No, the 24-105mm refers to the flash's ability to wide the beam to cover a 24mm lens's angle of view, or to restrict the beam's spread so that it covers the rather narrow angle that a 105mm lens "sees". This refers to what is called a flash with a *zoom head* system. Most of these zoom head system flashes use a small, internal motor to automatically adjust the beam's output for the length of lens in use, or for the setting that a zoom lens has been zoomed to.

With 14mm is an ultra wide-angle setting, and most all flashes use a small, slide-in or clip-on type attachment to greatly broaden the flash beam to handle such a wide angle lens's wide, ecompasssing angle of view.

The 24-105mm is almost assuredly for FX or FF aka full-frame digital, or traditional 35mm film lens angles; your camera's built-in CPU ought to send the right information to the flash automatically. I would not worry about buying the Neewer flash.


----------



## Overread (Sep 23, 2015)

Derrel covered it really - you should be fine with that flash.

Note that if you use the flash off-camera it will have a default head position that it will most likely spend most of the time in and you'll use light modification devices (like umbrellas or softboxes) to further modify the light angles. 

As a point of interest yes if you start using longer lenses you can end up using Frensel lens (Better Beamer is a popular brand choice) which angles the light to focus it into a tighter beam; again to allow a better coverage and less wastage at longer distances.


----------



## ak_ (Sep 23, 2015)

duarted said:


> GN(m ISO 100): 58m/190ft(ISO 100, 105mm)

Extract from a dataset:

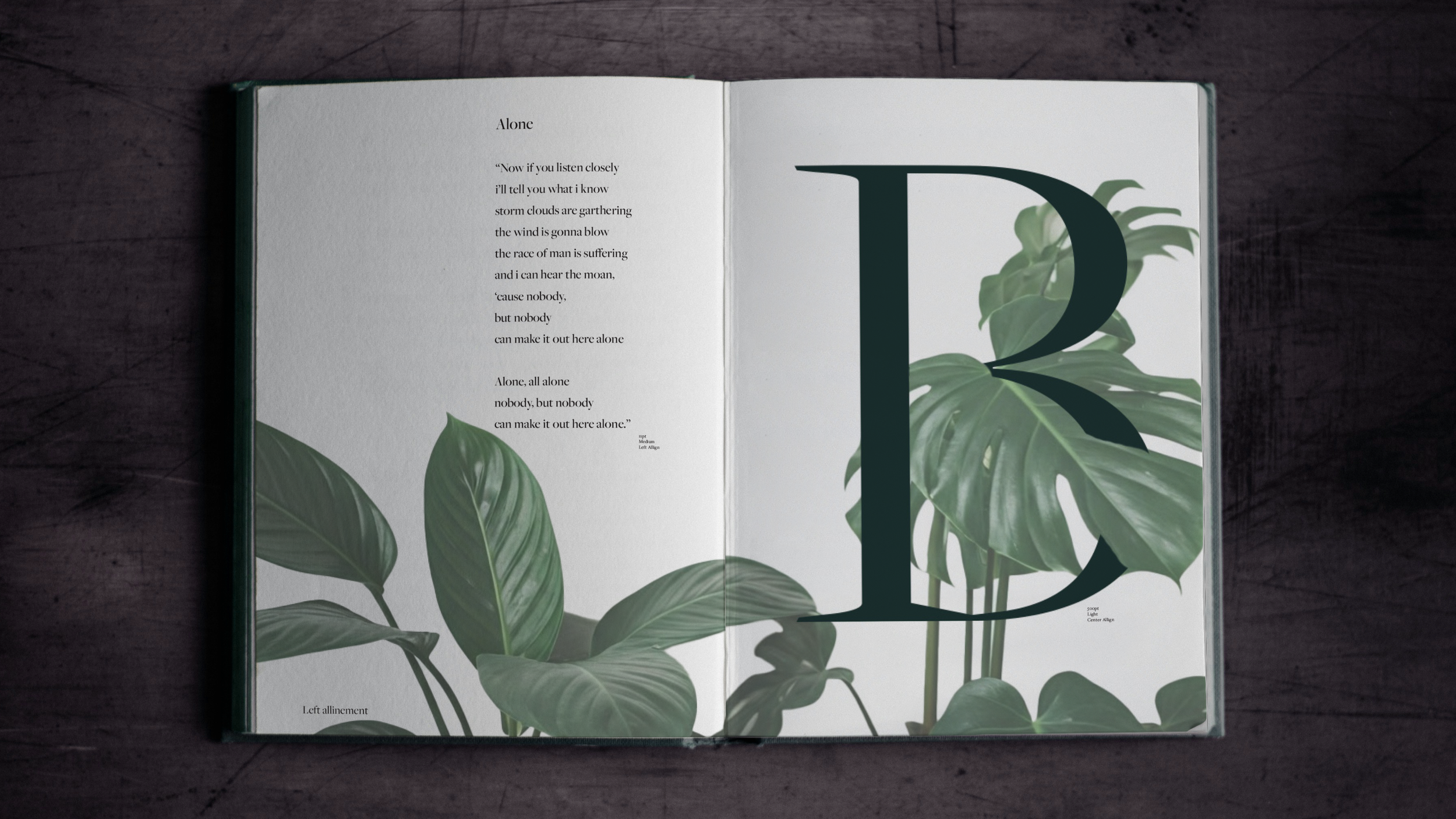 This project explores the Freight typeface through a full, custom-designed specimen book. Each spread studies the type family’s structure, rhythm, and personality, pairing detailed typographic breakdowns with organic plant photography to highlight contrast, elegance, and movement. The book includes alphabet sets, numerals, special characters, and layout demonstrations that show how the typeface performs in real editorial settings. By combining expressive imagery with thoughtful composition, this specimen showcases both the versatility of Freight and my approach to creating refined, publication-style typography.

Seems they are quoting the maximum guide number claimable by stating it for 105mm (i.e with the flash head at full zoom).


----------



## Derrel (Sep 23, 2015)

ak_ said:


> duarted said:
> 
> 
> > GN(m ISO 100): 58m/190ft(ISO 100, 105mm)
> ...



YES, this has become *the new normal way* to make flashes appear more powerful. It is somewhat deceptive, however, but a lot of the flash makers are following this practice these days.  For example; with the flash zoomed all the way to maximum telephoto, the 105mm position, the 190 Guide Number in Feet would yield an exposure of f/19 at 10 feet. ( 190 GN in Feet, divided by a 10-foot flash-to-subject distance = 19, or f/19 on the camera, at ISO 100 sensitivity). However...if you wanted to take a photo at 10 feet, and needed the 17mm end of the 17-40mm Canon L zoom,you would likely have a much lower Guide Number with the flash zoomed to the wider-end of the zoom range; you'd PROBABLY get an exposure of around f/8.5 to f/9, I would estimate, roughly; I have not looked at the Guide Numbers Neewer has published, but even published numbers are often optimistic (meaning, exaggerated) coming form many makers.


----------



## ak_ (Sep 23, 2015)

Yes, I would guess at about half that GN for wide. I have a book for the SB24 - I will take a  look at what it says.


----------



## ak_ (Sep 23, 2015)

Nikon SB-24: 24mm 30m (98ft); 85mm 50m (164ft)
Cobra 700AF: 28mm 25m; 85mm 38m

I have an Osram S440 also ('potato masher' type, with a bracket -non zooming, 80/20 diffusor screen) - the spec-sheet is less clear: 25ASA 8m; 1000ASA 50m; 40x54 degrees (40mm+), 60x78 degrees (24mm)


----------



## duarted (Sep 24, 2015)

Thank you for your tips everyone! I will order this flash


----------



## WayneF (Sep 25, 2015)

duarted said:


> GN(m ISO 100): 58m/190ft(ISO 100, 105mm)
> Flash Coverage: 24-105mm(14mm with wide panel)
> 
> Does it mean that it's only usable starting with a 24mm lens?
> ...




It means the angle of the flash covers a full frame sensor with a 24 to 105 mm lens.   A lens shorter and wider than 24 mm would show dark corners (on a full frame camera).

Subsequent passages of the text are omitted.